South Korea’s top financial regulator has proposed new crypto asset regulations concerning non-fungible tokens (NFTs), interest on deposits, and mandatory cold wallet holdings.
The Financial Services Commission (FSC) aims to exclude NFTs from existing regulations that define “virtual assets” like cryptocurrencies.
Due to their unique nature and collectibility, NFTs would not fall under legal definitions referring to assets with interchangeable values that can be electronically traded or transferred.
The new proposals would require Korean banks to pay interest on customer deposits of crypto held by local virtual asset service providers (VASPs).
VASPs must keep customer deposits in separate bank accounts from their corporate assets.

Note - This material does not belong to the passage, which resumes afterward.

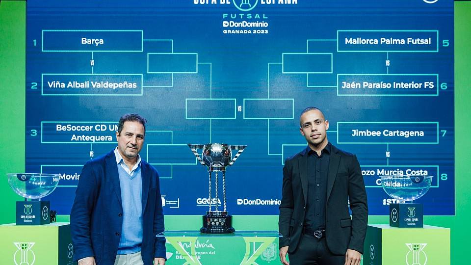 La Copa de España de fútbol sala que acogerá el Palacio de los Deportes de Granada del 9 al 12 de febrero definió este miércoles ... el cuadro del torneo. La Real Federación Española de Fútbol (RFEF) celebró en el Salón Luis Aragonés un sorteo que deparó por los cuartos de final enfrentamientos entre Palma Futsal y Jaén Paraíso Interior el viernes 10 de febrero. El vencedor jugará su semifinal el sábado ante el ganador del derbi muricano entre Jimbee Cartagena-ElPozo Murcia Costa Cálida.
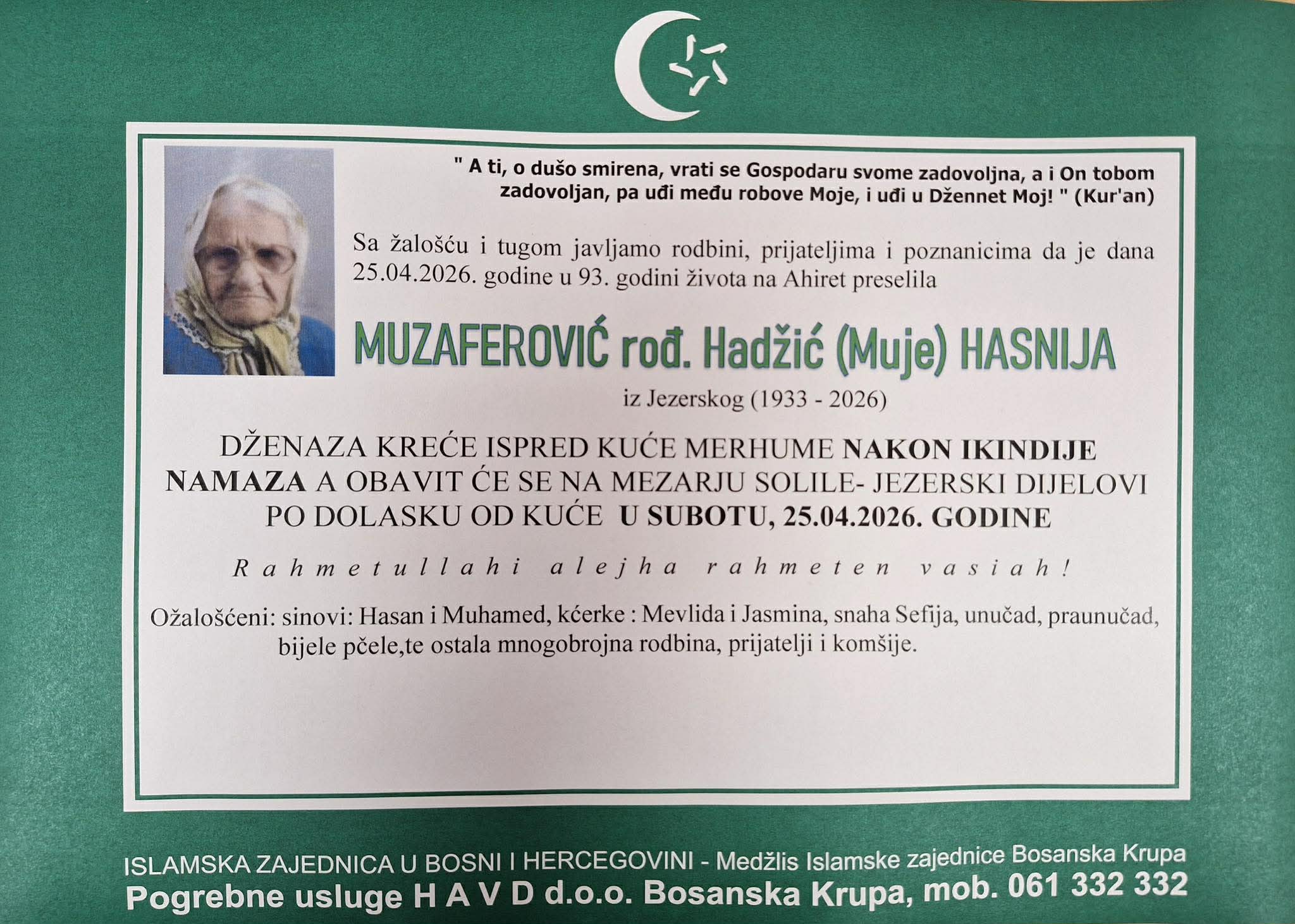 Tužnim srcem i bolom u duši javljamo rodbini, prijateljima i komšijama da je naša draga Muzaferović rođ. Hadžić (Muje) Hasnija, dana 25.04.2026. godine u 93-oj godini života, preselila na Ahiret.

Addressing the security of customer assets is a crucial focus of the proposed regulations. VASPs must store at least 80% of customer assets in cold wallets, which are offline and disconnected from the internet.
This measure provides enhanced security against hacking and other security breaches.
The Financial Services Commission (FSC) of South Korea is currently inviting public feedback on proposals for an updated regulatory framework.
The aim is to finalize this framework in the first half of 2024. These proposals reflect South Korea’s approach to regulating the crypto industry, focusing on adapting to emerging categories like NFTs while prioritizing investor protections.
With Korea being one of the world’s leading crypto economies, regulatory developments are often considered bellwethers for potential policy directions in other jurisdictions.